'''

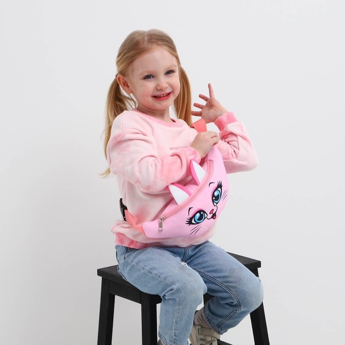 Сумка поясная детская для девочки "Кошечка", 31 х см, отдел на молнии, цвет красный
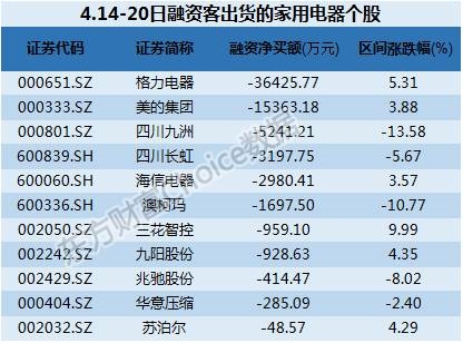 家电板块方面,龙头股遭融资客出货的迹象更为明显,格力电器和美的集团净卖出额列第一和第二,分别遭净卖出3.64亿元和1.54亿元;另外海信电器、九阳股份、苏泊尔等家电龙头也遭净卖出。
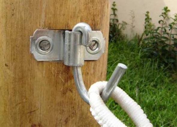 6. Os ganchos também podem ser fixados em colunas de madeira, e para isso veja na loja o suporte e os parafusos apropriados para esta fixação.
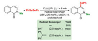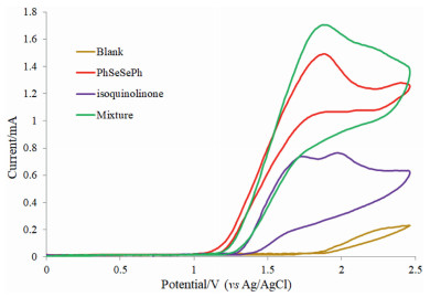To address the mechanistic aspects of the present electrochemical reaction, we conducted some mechanistic research. Firstly, the standard reaction was fully suppressed in the presence of radical scavengers (BHT and 1, 1-diphenylethylene) [49]. The results of radical capture experiment suggested that this reaction may proceed via a radical pathway (Scheme 4). Secondly, the electricity on/off experiments revealed that the present reaction did not proceed without constant current (Fig. 1), thus ruling out the free-radical chain mechanism. Eventually, the cyclic voltammetry experiment was conducted to gain information about the redox potential of the substrates. As shown in Fig. 2, the diphenyl diselenide 2a was oxidized at 1.10 V (vs. Ag/AgCl), which was lower than that of N-methyl isoquinolin-1(2H)-one 1a (1.29 V), and similar result was observed for the mixture of 1a and 2a, suggesting that 2a is oxidized preferentially at the surface of the anode in the developed reaction.
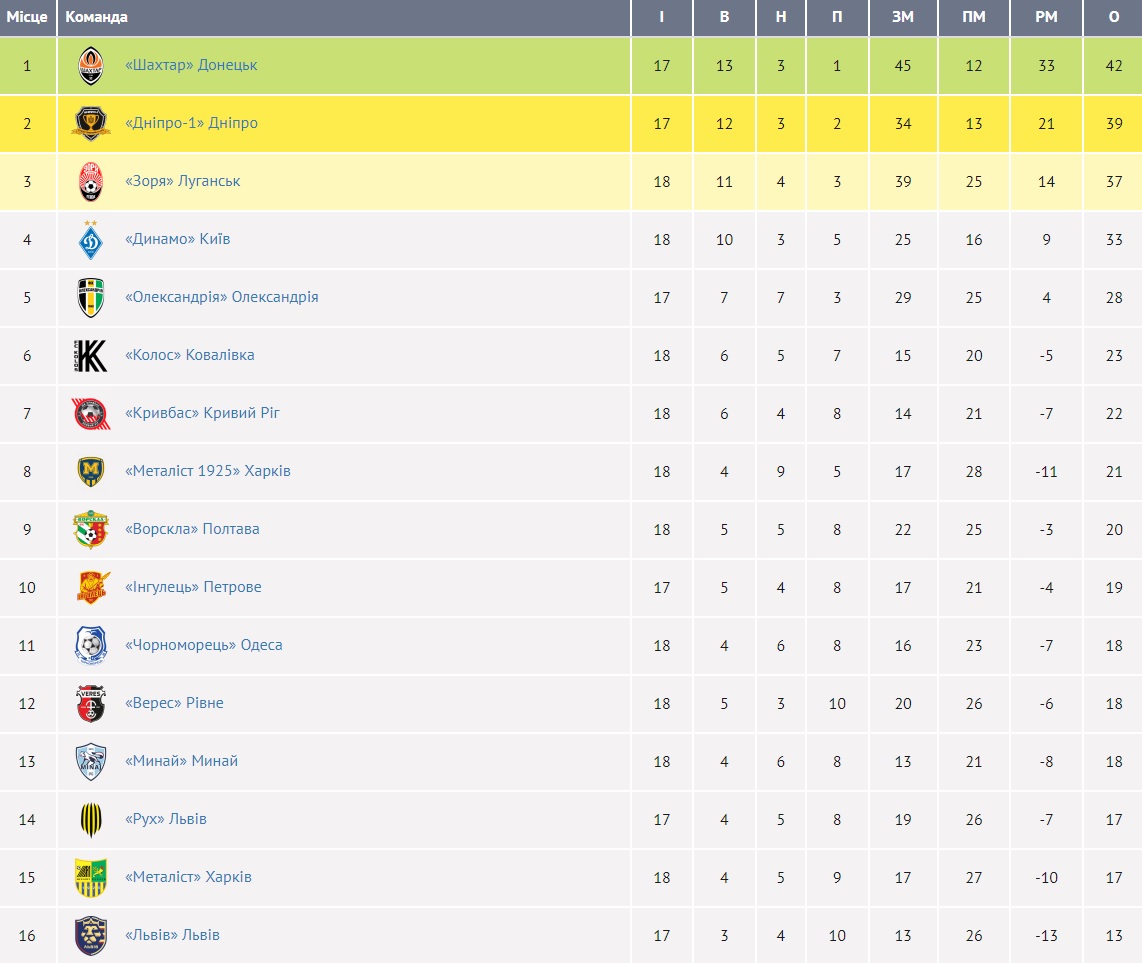 Українська Прем'єр-ліга: результати всіх матчів 17 туру, відео голів, таблиця.
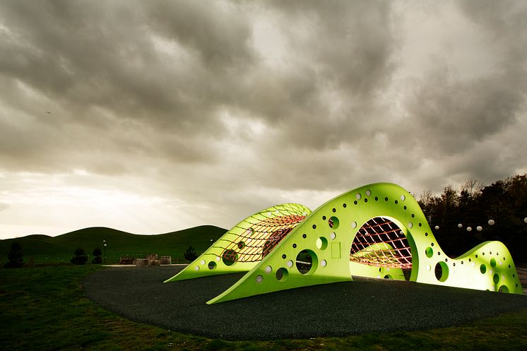 Den gigantiska rutschkanan Drakryggen består av grönmålad betong med ingjuten belysning. För många är betong inte det naturliga valet för en lekplats, men här har S:t Eriks visat på materialets lekfullhet. Dessutom är det hållbart, det går varken att elda upp, flytta eller förstöra, något som annars kan vara ett problem i offentliga miljöer.
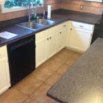 Our process included sanding, priming, and spraying. Additionally, our carpenter installed faux panels to the upper cabinets and three sides of the kitchen island; this added an incredible depth and achieved that custom look. As for color, we used two coats of Sherwin Williams’ Pro-Classics matched to Porter’s Horseradish 315-1.

'''

Task: From the data above, return exactly the lines from the one with "To address the" up to and including the one with "Den gigantiska rutschkanan". Pictures do not go in the copy.

Exercise result:
To address the mechanistic aspects of the present electrochemical reaction, we conducted some mechanistic research. Firstly, the standard reaction was fully suppressed in the presence of radical scavengers (BHT and 1, 1-diphenylethylene) [49]. The results of radical capture experiment suggested that this reaction may proceed via a radical pathway (Scheme 4). Secondly, the electricity on/off experiments revealed that the present reaction did not proceed without constant current (Fig. 1), thus ruling out the free-radical chain mechanism. Eventually, the cyclic voltammetry experiment was conducted to gain information about the redox potential of the substrates. As shown in Fig. 2, the diphenyl diselenide 2a was oxidized at 1.10 V (vs. Ag/AgCl), which was lower than that of N-methyl isoquinolin-1(2H)-one 1a (1.29 V), and similar result was observed for the mixture of 1a and 2a, suggesting that 2a is oxidized preferentially at the surface of the anode in the developed reaction.
 Українська Прем'єр-ліга: результати всіх матчів 17 туру, відео голів, таблиця.
 Den gigantiska rutschkanan Drakryggen består av grönmålad betong med ingjuten belysning. För många är betong inte det naturliga valet för en lekplats, men här har S:t Eriks visat på materialets lekfullhet. Dessutom är det hållbart, det går varken att elda upp, flytta eller förstöra, något som annars kan vara ett problem i offentliga miljöer.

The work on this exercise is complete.